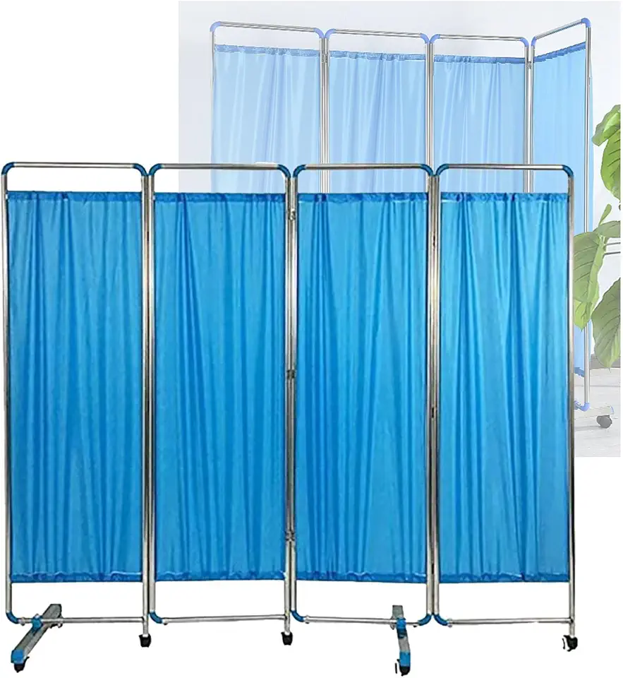 Rolling 4 Panel Medical Privacy Screen On Wheels, 6ft Tall Foldable Room Divider Clinic/Patient/Exam Room Temporary Fence, Space Saving
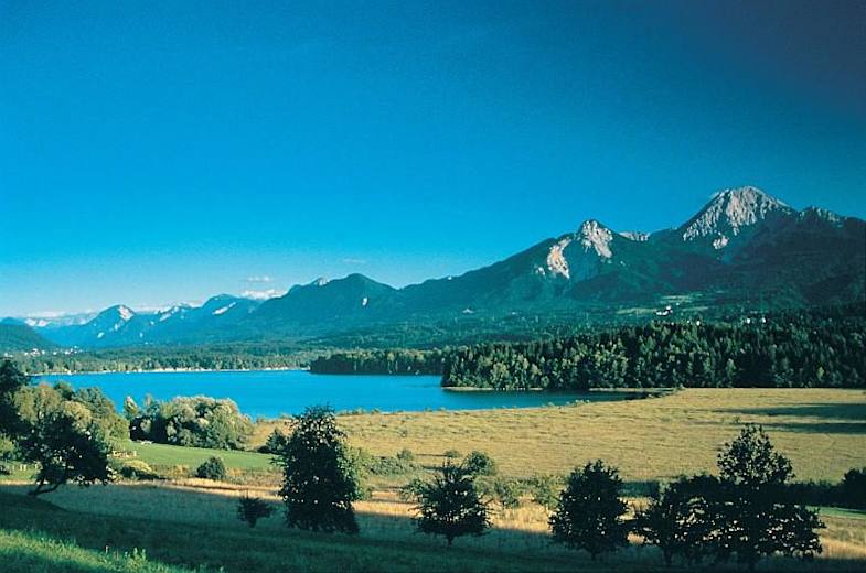 Der Ausgangspunkt der Drei Länder Tour liegt am Faaker See bei Villach. Zunächst geht es flach los auf der B85 Richtung Fürnitz. In Fürnitz angekommen biegt man rechts auf die B83 ab und nimmt die Autobahnunterführung. Danach gleich wieder nach links abbiegen Richtung Unterfederaun/Unterschütt. Die Straße führt am Fuße des Naturpark Dobratsch entlang und wird eher wenig befahren.
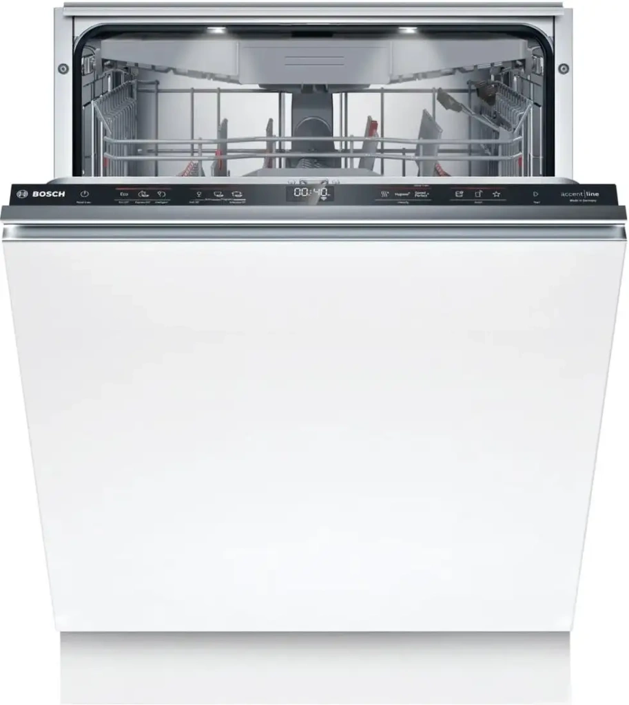 Встраиваемая посудомоечная машина Bosch Serie 6 SMD6ZC804E производства Германии станет надежным помощником на кухне. Она моет до 14 комплектов посуды за один цикл и оснащена системой теплообмена и зеолитов для эффективной сушки. Машина работает с минимальным уровнем шума — всего 40 дБ, что создает комфортную атмосферу. Управление сенсорное, есть цифровая индикация и таймер отложенного старта до 24 часов. В конструкции предусмотрены регулируемая по высоте верхняя корзина и складывающиеся держатели, что повышает удобство загрузки. Машина предлагает семь программ, включая ежедневную, экономичную и интенсивную мойку, а также дополнительные опции для ускорения или усиления процесса. Благодаря инверторной технологии она потребляет всего 0.65 кВт·ч энергии за цикл и расходует 9 литров воды. Различные индикаторы и блокировка от детей обеспечивают безопасность и простоту использования. Устройство обладает защитой от протечек и внутренним освещением, делая эксплуатацию максимально удобной.

# ABOUT THIS EXERCISE
Hand back the data above exactly, leaving out all pictures.

# EXERCISE OUTPUT
 Rolling 4 Panel Medical Privacy Screen On Wheels, 6ft Tall Foldable Room Divider Clinic/Patient/Exam Room Temporary Fence, Space Saving
 Der Ausgangspunkt der Drei Länder Tour liegt am Faaker See bei Villach. Zunächst geht es flach los auf der B85 Richtung Fürnitz. In Fürnitz angekommen biegt man rechts auf die B83 ab und nimmt die Autobahnunterführung. Danach gleich wieder nach links abbiegen Richtung Unterfederaun/Unterschütt. Die Straße führt am Fuße des Naturpark Dobratsch entlang und wird eher wenig befahren.
 Встраиваемая посудомоечная машина Bosch Serie 6 SMD6ZC804E производства Германии станет надежным помощником на кухне. Она моет до 14 комплектов посуды за один цикл и оснащена системой теплообмена и зеолитов для эффективной сушки. Машина работает с минимальным уровнем шума — всего 40 дБ, что создает комфортную атмосферу. Управление сенсорное, есть цифровая индикация и таймер отложенного старта до 24 часов. В конструкции предусмотрены регулируемая по высоте верхняя корзина и складывающиеся держатели, что повышает удобство загрузки. Машина предлагает семь программ, включая ежедневную, экономичную и интенсивную мойку, а также дополнительные опции для ускорения или усиления процесса. Благодаря инверторной технологии она потребляет всего 0.65 кВт·ч энергии за цикл и расходует 9 литров воды. Различные индикаторы и блокировка от детей обеспечивают безопасность и простоту использования. Устройство обладает защитой от протечек и внутренним освещением, делая эксплуатацию максимально удобной.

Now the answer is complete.